TO DO
Look below for the line with "Balancing Equations PowerPoint" and the line with "I N V ES T OR". Copy exactly those two lines and every line between, but not the pictures.

Start of RECORDS FOR PROCESSING

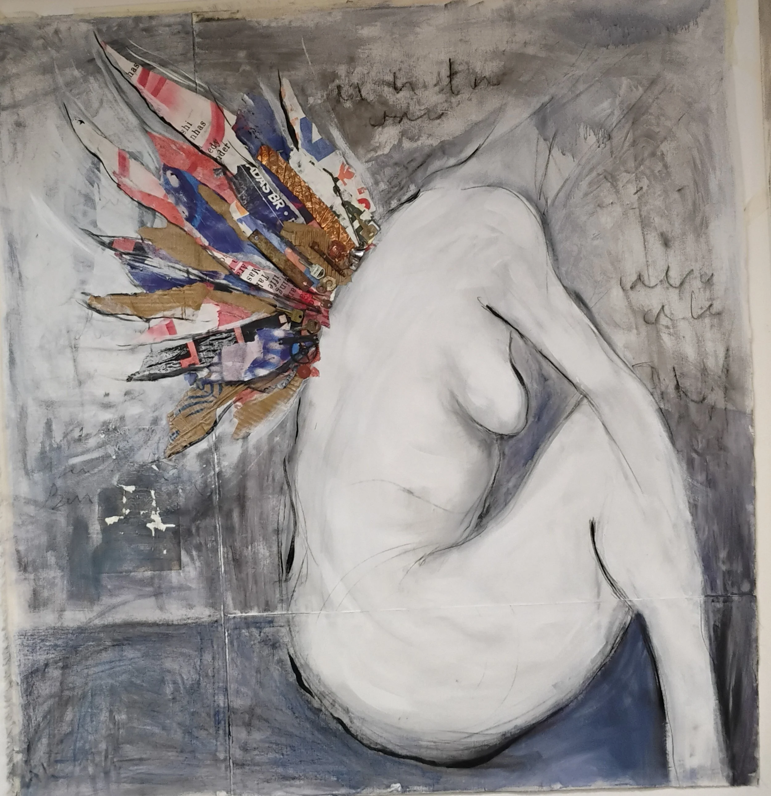 Acrílica, carvão, papel, objetos de metal, pastel óleo.
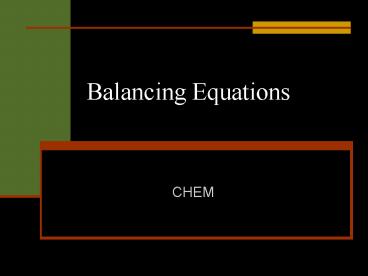 Balancing Equations PowerPoint PPT Presentation
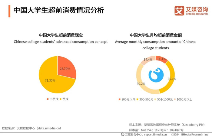 iiMedia Research(艾媒咨询)数据显示,有71.3%的大学生赞成超前消费。在有超前消费行为的大学生中,有39.2%的受访者月均超前消费金额在501-1000元。艾媒咨询分析师认为,大学生对新鲜事物的接受能力较强以及大学生消费需求的增加,普遍对超前消费的行为持认可与理解的态度。虽然超前消费可以在一定程度上缓解当前的资金压力,但也容易陷入消费陷阱。大学生群体应树立正确消费观,花钱需“三思”而后行。
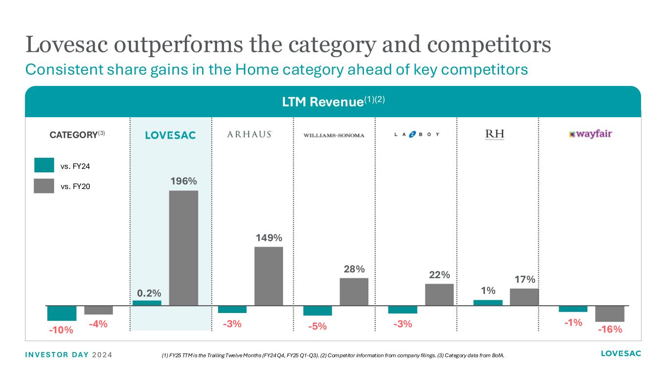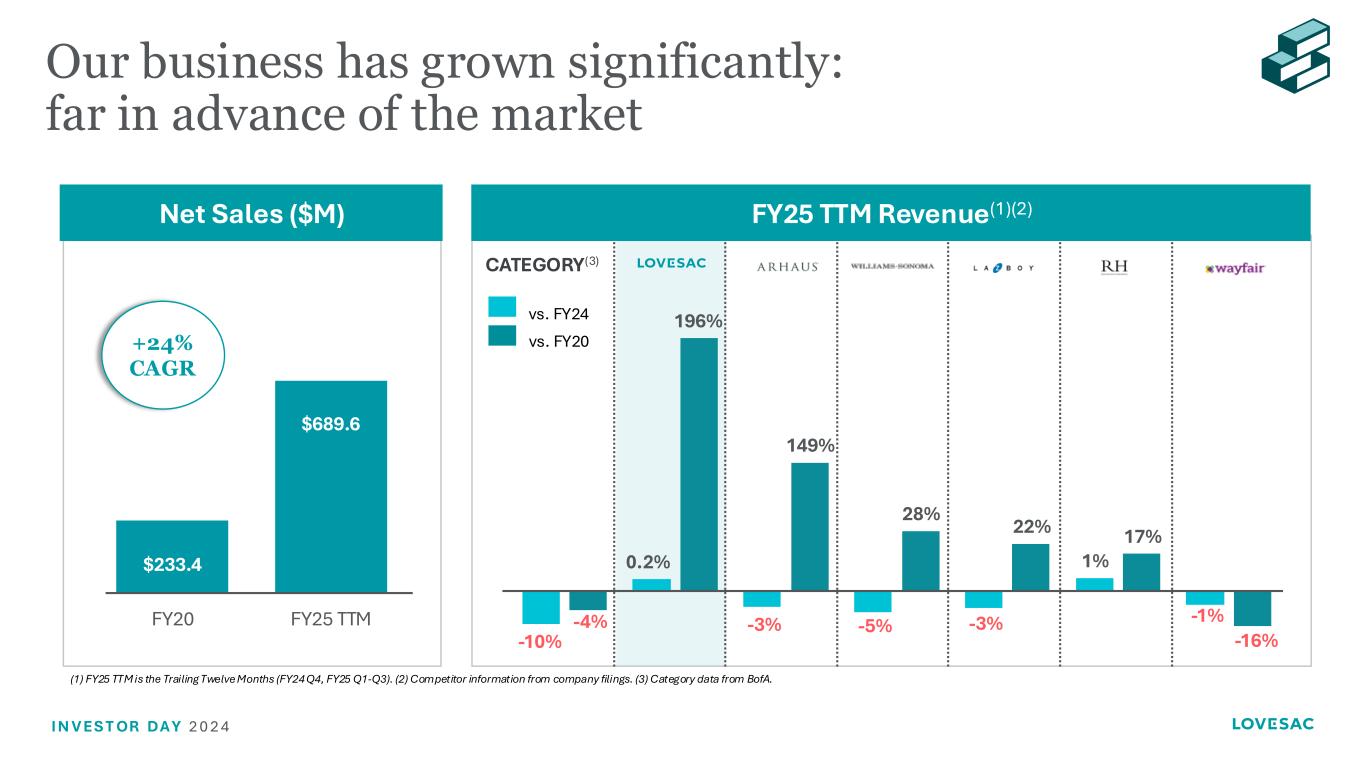 I N V ES T OR DA Y 2 0 2 4 -10% 0.2% -3% -5% -3% 1% -1%-4% 196% 149% 28% 22% 17% -16% Lovesac outperforms the category and competitors Consistent share gains in the Home category ahead of key competitors CATEGORY(3) vs. FY20 vs. FY24 (1) FY25 TTM is the Trailing Twelve Months (FY24 Q4, FY25 Q1-Q3). (2) Competitor information from company filings. (3) Category data from BofA. LTM Revenue(1)(2)
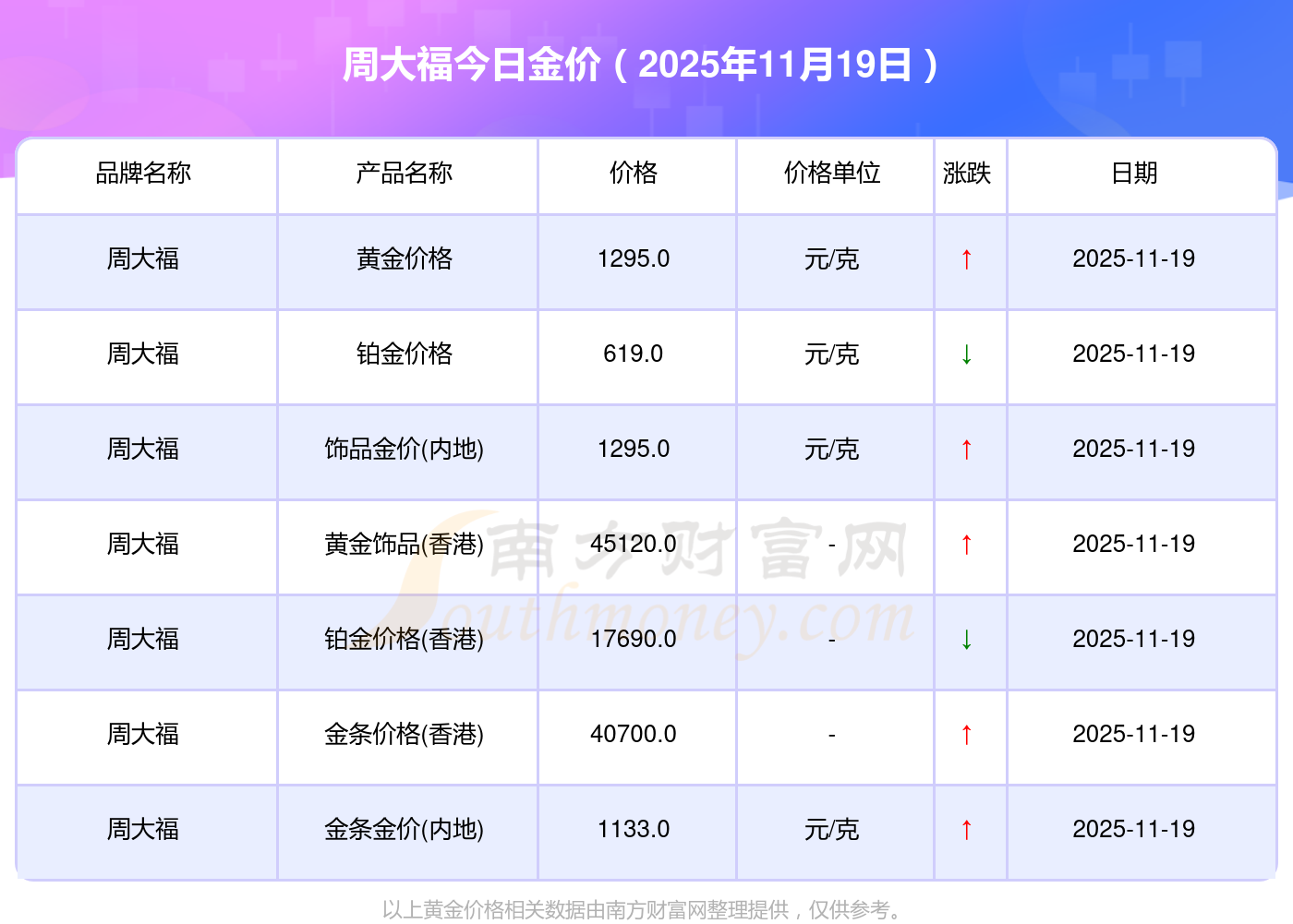 黄金价格1295.0元/克,铂金价格619.0元/克,饰品金价(内地)1295.0元/克,黄金饰品(香港)45120.0,铂金价格(香港)17690.0,金条价格(香港)40700.0,金条金价(内地)1133.0元/克,黄金价格1291.0元/克,铂金价格600.0元/克,足金价格1291.0元/克,黄金价格1263.0元/克。

End of RECORDS FOR PROCESSING

RESPONSE BOX
 Balancing Equations PowerPoint PPT Presentation
 iiMedia Research(艾媒咨询)数据显示,有71.3%的大学生赞成超前消费。在有超前消费行为的大学生中,有39.2%的受访者月均超前消费金额在501-1000元。艾媒咨询分析师认为,大学生对新鲜事物的接受能力较强以及大学生消费需求的增加,普遍对超前消费的行为持认可与理解的态度。虽然超前消费可以在一定程度上缓解当前的资金压力,但也容易陷入消费陷阱。大学生群体应树立正确消费观,花钱需“三思”而后行。
 I N V ES T OR DA Y 2 0 2 4 -10% 0.2% -3% -5% -3% 1% -1%-4% 196% 149% 28% 22% 17% -16% Lovesac outperforms the category and competitors Consistent share gains in the Home category ahead of key competitors CATEGORY(3) vs. FY20 vs. FY24 (1) FY25 TTM is the Trailing Twelve Months (FY24 Q4, FY25 Q1-Q3). (2) Competitor information from company filings. (3) Category data from BofA. LTM Revenue(1)(2)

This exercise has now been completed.